D’autres campagnes promeuvent des valeurs nationales, comme l’unité nationale (Rose, 1993; 2000) ou encore le service à la nation et l’engagement. C’est le cas de la campagne publicitaire fédérale Combattez avec les Forces canadiennes. Reconduite plusieurs fois au cours des années deux-mille, ses objectifs de communication visent à créer et propager une vision globale satisfaisante de la vie militaire et du métier des armes et à inviter les potentielles recrues à combattre le chaos, la peur et la détresse en s’enrôlant dans les rangs d’une armée canadienne qui, d’un point de vue publicitaire, ressemble fort à un camp d’été jouxté à une agence de voyage.

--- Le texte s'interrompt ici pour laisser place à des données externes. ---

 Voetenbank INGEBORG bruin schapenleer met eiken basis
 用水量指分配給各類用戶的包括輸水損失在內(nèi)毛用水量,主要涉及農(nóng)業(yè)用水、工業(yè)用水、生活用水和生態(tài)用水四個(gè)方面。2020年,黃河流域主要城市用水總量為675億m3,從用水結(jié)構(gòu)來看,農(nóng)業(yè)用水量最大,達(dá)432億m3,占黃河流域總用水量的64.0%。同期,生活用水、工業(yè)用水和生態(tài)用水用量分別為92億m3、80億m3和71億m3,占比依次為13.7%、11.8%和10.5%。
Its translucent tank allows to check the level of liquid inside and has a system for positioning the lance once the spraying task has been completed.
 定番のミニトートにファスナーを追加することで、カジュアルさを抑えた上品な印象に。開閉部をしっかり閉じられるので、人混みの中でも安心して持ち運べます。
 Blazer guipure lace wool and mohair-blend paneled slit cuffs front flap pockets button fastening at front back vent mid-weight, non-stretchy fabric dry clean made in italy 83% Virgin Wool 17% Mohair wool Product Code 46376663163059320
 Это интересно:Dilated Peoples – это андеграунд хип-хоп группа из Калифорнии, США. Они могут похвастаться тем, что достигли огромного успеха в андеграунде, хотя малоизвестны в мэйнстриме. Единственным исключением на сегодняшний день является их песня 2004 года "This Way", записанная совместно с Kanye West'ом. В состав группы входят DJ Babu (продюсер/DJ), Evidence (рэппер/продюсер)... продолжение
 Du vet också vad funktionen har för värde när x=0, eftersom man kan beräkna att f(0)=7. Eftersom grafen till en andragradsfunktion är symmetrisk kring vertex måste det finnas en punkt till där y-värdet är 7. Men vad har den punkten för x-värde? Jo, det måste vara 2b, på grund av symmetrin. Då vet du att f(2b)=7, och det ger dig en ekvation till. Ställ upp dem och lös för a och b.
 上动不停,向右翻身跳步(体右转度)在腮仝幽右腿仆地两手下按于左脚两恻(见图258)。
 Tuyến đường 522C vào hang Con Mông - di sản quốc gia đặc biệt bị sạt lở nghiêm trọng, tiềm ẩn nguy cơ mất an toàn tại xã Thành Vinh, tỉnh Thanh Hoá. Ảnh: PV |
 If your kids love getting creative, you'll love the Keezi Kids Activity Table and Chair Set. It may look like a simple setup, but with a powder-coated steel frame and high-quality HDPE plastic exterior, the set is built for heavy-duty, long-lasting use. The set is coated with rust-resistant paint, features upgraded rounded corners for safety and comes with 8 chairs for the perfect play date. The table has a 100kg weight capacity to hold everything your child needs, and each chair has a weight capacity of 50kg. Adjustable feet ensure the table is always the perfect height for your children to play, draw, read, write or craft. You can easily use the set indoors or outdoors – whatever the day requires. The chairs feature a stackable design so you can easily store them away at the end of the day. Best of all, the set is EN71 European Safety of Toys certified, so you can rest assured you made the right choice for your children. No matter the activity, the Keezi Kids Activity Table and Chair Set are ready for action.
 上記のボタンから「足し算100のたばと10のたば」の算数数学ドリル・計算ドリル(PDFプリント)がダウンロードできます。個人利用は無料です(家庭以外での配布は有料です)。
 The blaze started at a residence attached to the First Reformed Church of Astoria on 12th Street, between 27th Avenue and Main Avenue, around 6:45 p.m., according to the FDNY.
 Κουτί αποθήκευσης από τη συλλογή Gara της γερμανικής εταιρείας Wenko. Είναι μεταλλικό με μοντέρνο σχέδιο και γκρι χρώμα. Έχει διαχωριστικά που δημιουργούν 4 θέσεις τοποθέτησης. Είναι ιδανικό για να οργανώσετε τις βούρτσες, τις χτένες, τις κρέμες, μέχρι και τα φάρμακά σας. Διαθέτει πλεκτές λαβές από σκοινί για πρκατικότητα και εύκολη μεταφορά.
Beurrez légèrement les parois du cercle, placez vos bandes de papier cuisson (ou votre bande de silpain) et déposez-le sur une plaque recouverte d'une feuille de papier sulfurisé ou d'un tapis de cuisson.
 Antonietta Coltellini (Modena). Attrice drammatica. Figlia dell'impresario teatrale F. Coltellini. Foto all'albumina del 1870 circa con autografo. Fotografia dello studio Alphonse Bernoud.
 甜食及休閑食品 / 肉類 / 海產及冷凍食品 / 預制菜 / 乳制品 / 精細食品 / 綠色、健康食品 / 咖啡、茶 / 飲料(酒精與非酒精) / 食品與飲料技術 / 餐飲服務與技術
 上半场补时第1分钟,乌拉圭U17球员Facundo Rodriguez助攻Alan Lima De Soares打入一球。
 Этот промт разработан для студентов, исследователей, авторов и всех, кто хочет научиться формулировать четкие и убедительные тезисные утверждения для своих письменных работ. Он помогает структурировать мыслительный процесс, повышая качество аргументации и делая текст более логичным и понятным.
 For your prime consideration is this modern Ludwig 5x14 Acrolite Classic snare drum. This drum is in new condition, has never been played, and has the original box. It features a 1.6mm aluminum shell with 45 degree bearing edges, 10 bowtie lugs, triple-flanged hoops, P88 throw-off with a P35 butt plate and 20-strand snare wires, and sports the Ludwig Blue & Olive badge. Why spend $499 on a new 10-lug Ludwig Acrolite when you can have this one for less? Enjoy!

Analyse des mythes contenus dans les vidéos du site de l’armée canadienne

Grâce aux apports conceptuels de Jacques Ellul, nous avons établi un cadre d’analyse fonctionnel nous permettant d’étudier des mythes modernes diffusés dans les communications publicitaires gouvernementales destinées à appuyer la campagne de recrutement de l’armée canadienne, soit un total de 26 vidéos présentées en 2010 dans le menu “Zone multimédias-Vidéos” de la page d’accueil du site de l’armée canadienne. Visant l’enrôlement de jeunes de 18 à 34 ans, ces vidéos sont de deux ordres.2

Structurées comme des “reportages” avec narration, entrevues et séquences d’images, la première catégorie compte 17 vidéos mettant en scène divers protagonistes militaires—recrues, soldats, officiers, sous-officiers—qui présentent sous leur meilleur jour les multiples avantages sociaux et personnels de la vie militaire. Elles diffusent une somme significative d’informations 1) sur La vie dans les Forces canadiennes (particularités des métiers offerts dans les trois services (air, terre, mer), facilités offertes en matière de Sports et de condition physique et qualités et valeurs requises pour Servir avec honneur); 2) sur les formations qui y sont offertes (qualification militaire de base, programme d’enrôlement des membres du rang, cours élémentaire d’officier, programme de formation des officiers de la Force régulière et la vie au Collège militaire royal); ainsi que 3) six Témoignages3. Auto-promotionnelles et didactiques, ces vidéos d’une durée variable de 3 à 18 minutes sont diffusées exclusivement sur Internet. Précisons que les budgets investis par Défense nationale pour financer leur production (conceptualisation, scénarisation, tournage, montage) ne sont pas comptabilisés dans les rapports annuels sur les activités publicitaires fédérales, mais en regard de leur nombre et leur qualité broadcast, ces productions ont dû, elles aussi, occasionner des dépenses importantes.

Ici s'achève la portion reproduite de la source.